# Info about my winch



## G Jackson (Jan 1, 2011)

Happy New Year to you all! I have finally succeded in getting a manual for my TJ 380 with a 453 screamer, 3 spd ps, and an Eaton winch. The problem is they are telling me it is over a month away. I am wanting to go to the bush soon and my winch is acting up.

Of course it never did this till I spooled a new cable on! It will wind in just fine and seems to hold. I have just winched the skidder back to a tree as I haven't been in the bush yet. Problem is when I go to release it. Not all the time but SOMETIMES the winch just unspools like crazy and f%#@s up my tightly wound drum. More often than not it does this. Even if the line is not ''loaded'' the winch spool will reverse and spool out. The mechanical nature in me tells me that the brake is not holding this, when I drop the lever into the release position. I assume this is adjusted by the cylinder back there. Should I shorten the stroke to apply more pressure on the brake? I would just like some advice by someone who has been there and done that before I go on with my trial and error ways. I can't wait for that manual.

It,s an 81 model also. Thankyou in advance for any advice. I have only played around with this in the yard, but I want to make sure it's working before I head to the bush. Regards Gerry


----------



## Slamm (Jan 1, 2011)

Aren't you resetting the brake with your hand, so as to not allow the crow's nest?

Or are you just releasing the brake and letting nature take its course, because steel cable will always crow's nest when allowed to.
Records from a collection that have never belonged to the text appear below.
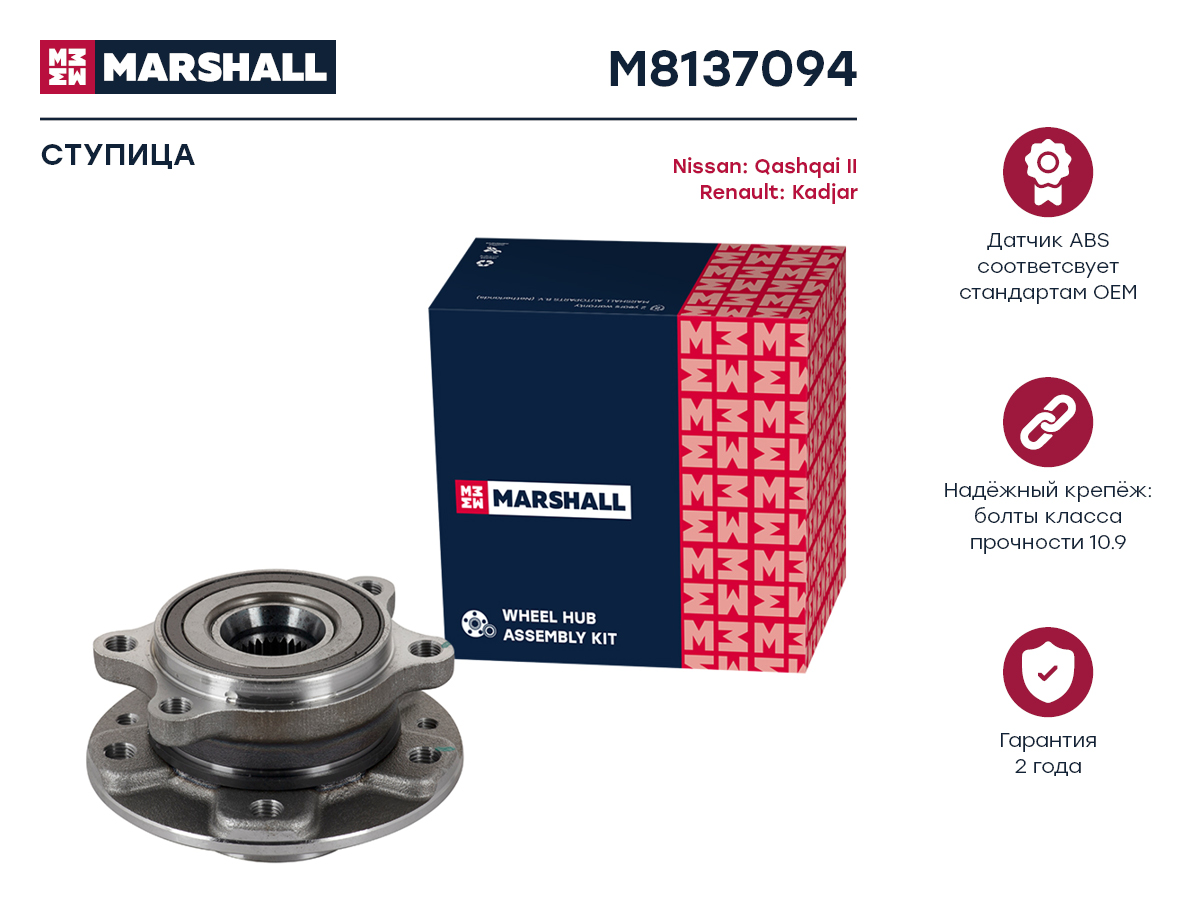 M8137094 MARSHALL Ступица передн. Nissan Qashqai II 13-, Renault Talisman 15- (M8137094)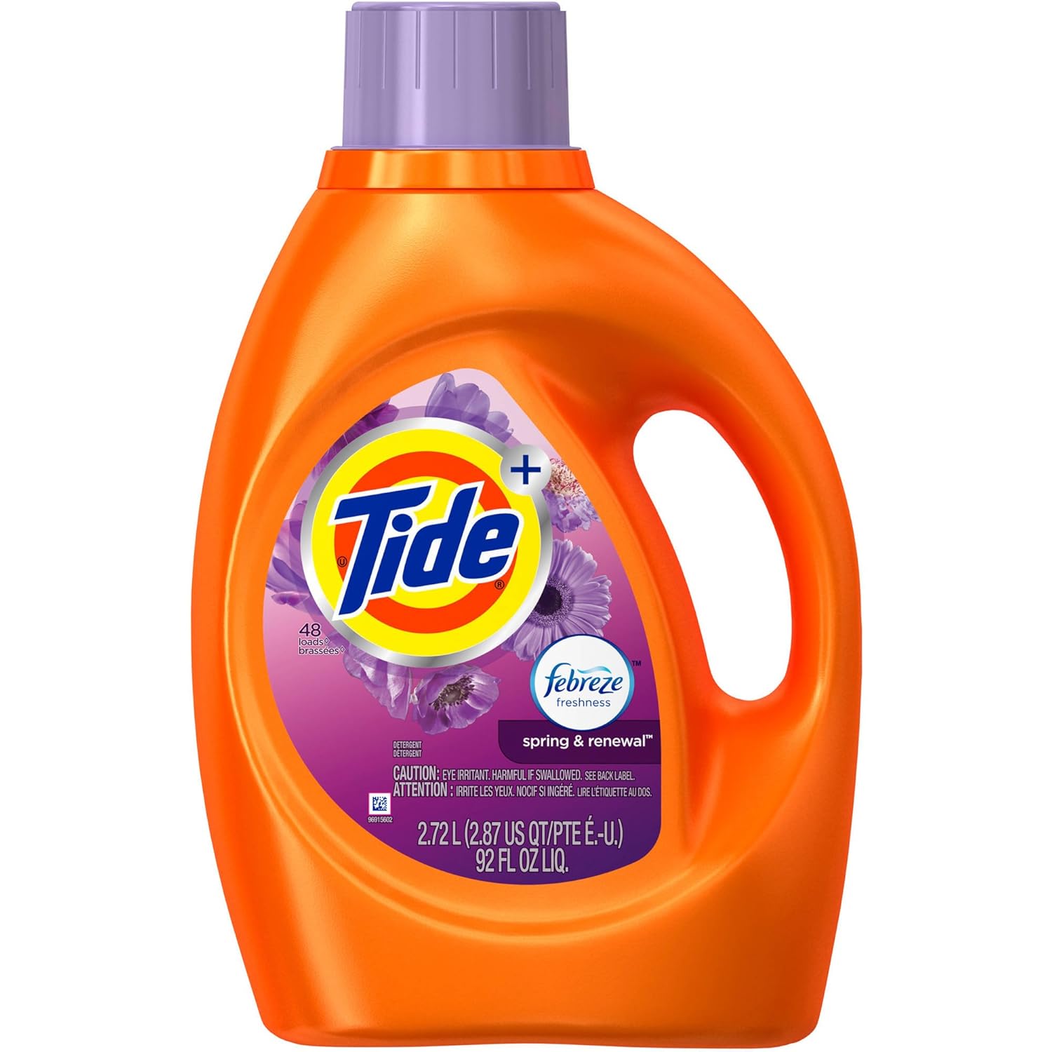 Tide Plus Febreze Long-lasting Freshness Spring and Renewal Scent Cleans, Freshens, Whitens, Brightens Liquid Laundry Detergent 92 fl oz (48 loads) is best for youTide Plus Febreze Freshness Spring & Renewal Scent Liquid Laundry Detergent now gives you the amazing clean you expect from Tide in addition to the long-lasting Febreze freshness you love! It now offers improved freshness that helps your fabrics stay fresh up to 3x longer vs. Tide original with the latest scent-renewal technology. Combining complementary perfumes, dual-scent pearls activate upon movement to provide your fabrics with bursts of freshness all day long. As part of the Plus Collection, Tide Plus Febreze Freshness gives you the amazing Tide clean you expect plus more of what you love vs. Tide original.Tide Plus Febreze Freshness Spring and Renewal Scent Liquid Laundry Detergent: 48 loads Now freshness that lasts 3x longer vs. Tide original Plus long-lasting freshness vs. Tide original Cleans, freshens, whitens, brightens Contains motion-activated dual-scent pearls Complementary scents provide long-lasting freshness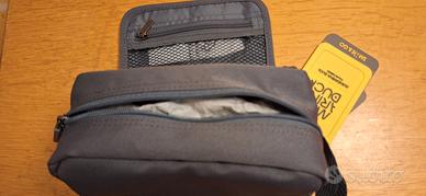 Beauty da viaggio compatto e leggero di Mandarina Duck linea Smile&go, con manico per appenderlo, tasche interna e sulla patella.
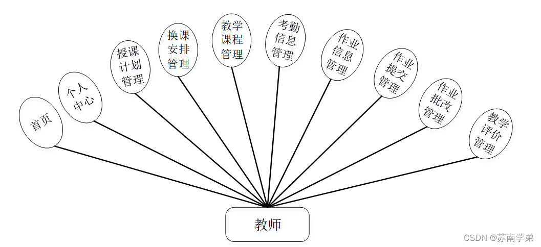 教师进入系统后能对首页,个人中心,授课计划管理,换课安排管理,教学课程管理,考勤信息管理,作业信息管理,作业提交管理,作业批改管理,教学评价管理等功能进行教师范围内操作。教师用例图如图3-2所示。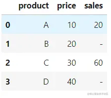 值得注意的是,price列都是数字,sales列有数字,但空值用-代替了。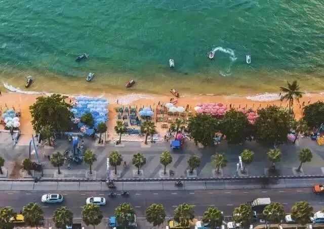 泰国海岛除了普吉,芭堤雅也有沙质细腻的海滩、清澈的海水,以及长达15公里的海岸线。海滩上也有各种各样的水上运动,整天都是热闹欢乐。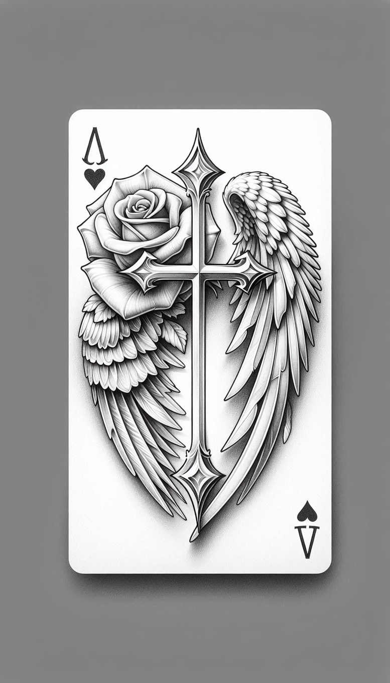 This AI-generated tattoo project presents a bold black-and-grey study that centers a cross interlaced with a blooming rose and expansive wings on a stylized playing card. The cross is decorative, with pointed finials and clean lines that intersect to form a strong vertical axis, while the rose sits at the heart of the composition, its petals shaded with fine gradations to convey velvet depth. The wings sweep along the card’s sides, each feather layered in precise, parallel strokes to create a sense of lift and motion. The card backdrop anchors the piece in classic deck iconography, with subtle corner hints of a heart and spade that read as ornamental details rather than literal suits. The shading alternates between solid blacks and soft grays to maximize contrast on skin, enabling the design to remain legible at a distance while revealing subtle texture up close. The pattern work within the feathers and the petal contours gives the piece a graphic, pattern-heavy character without sacrificing clarity, making it ideal for a cover-up or as a bold standalone statement. The motif blends faith, beauty, and freedom—cross for protection, rose for enduring allure, wings for ascent—creating a meaningful tattoo design with broad appeal for fans of black-and-grey ink, fine line precision, and intricate, symbolic body art. As an AI-generated tattoo project, this concept demonstrates how digital artistry can translate into a highly wearable tattoo; it is particularly well-suited for clients seeking a custom tattoo design that can function as a cover-up thanks to its dense silhouette and dense shading, which can mask prior ink while preserving dramatic impact. Keywords to consider include tattoo, tattoo design, meaningful tattoos, fine line tattoo, rose tattoo design, black and grey, realistic tattoo, and custom tattoo design.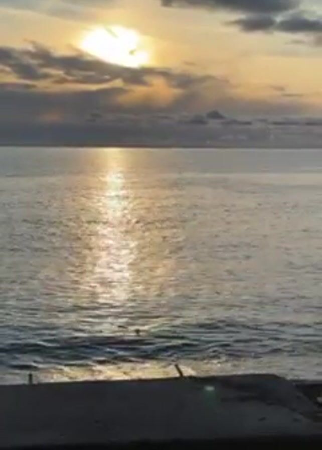 sunset over the ocean. The sun is partially obscured by clouds, casting a bright reflection on the water. The sky is a mix of blue, grey, and orange hues. Small waves gently lap against a concrete barrier in the foreground.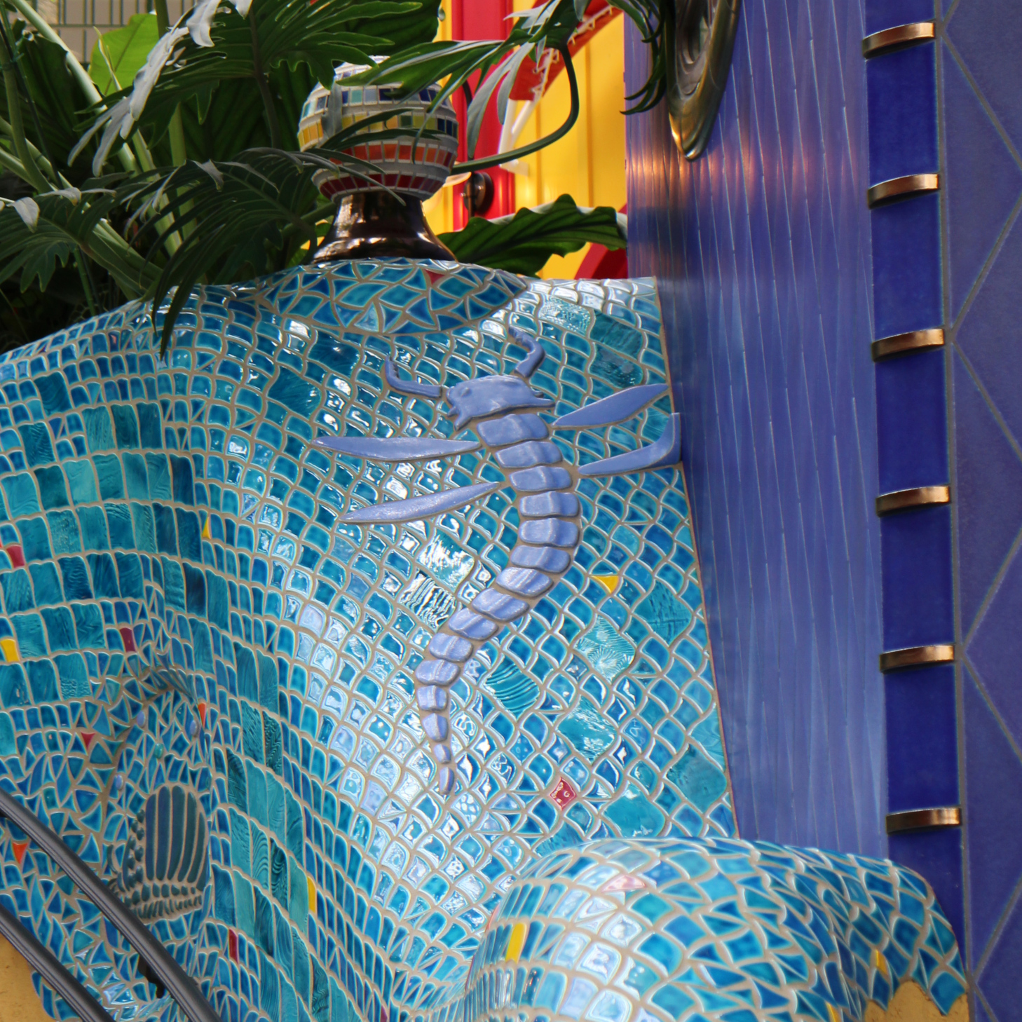 En jätteinsekt från Nausicaä of the Valley of the Wind (1982) vid sidan av en trappa upp mot lekstugan. Lägg märke till hur en av dess vingar är böjd upp ur mosaiken mot väggen intill.

If you set the brake to drag, then you have to pull that "drag" everytime you go set chokers and that sucks.

I'm just asking, cause it seems you haven't run a cable skidder before, by what you are saying. What you are describing is what destroys steel cables, and is the source of much wasted time with regards to a steel cable as appose to running a synthetic rope. You have to get that crow's nest stopped before it happens, but it always will unravel a little after setting chokers, then you pull forward a little and get to a fresh tight row of cable and then begin your pull, if you don't you will cross wrap the cable and ruin it in an hour's time.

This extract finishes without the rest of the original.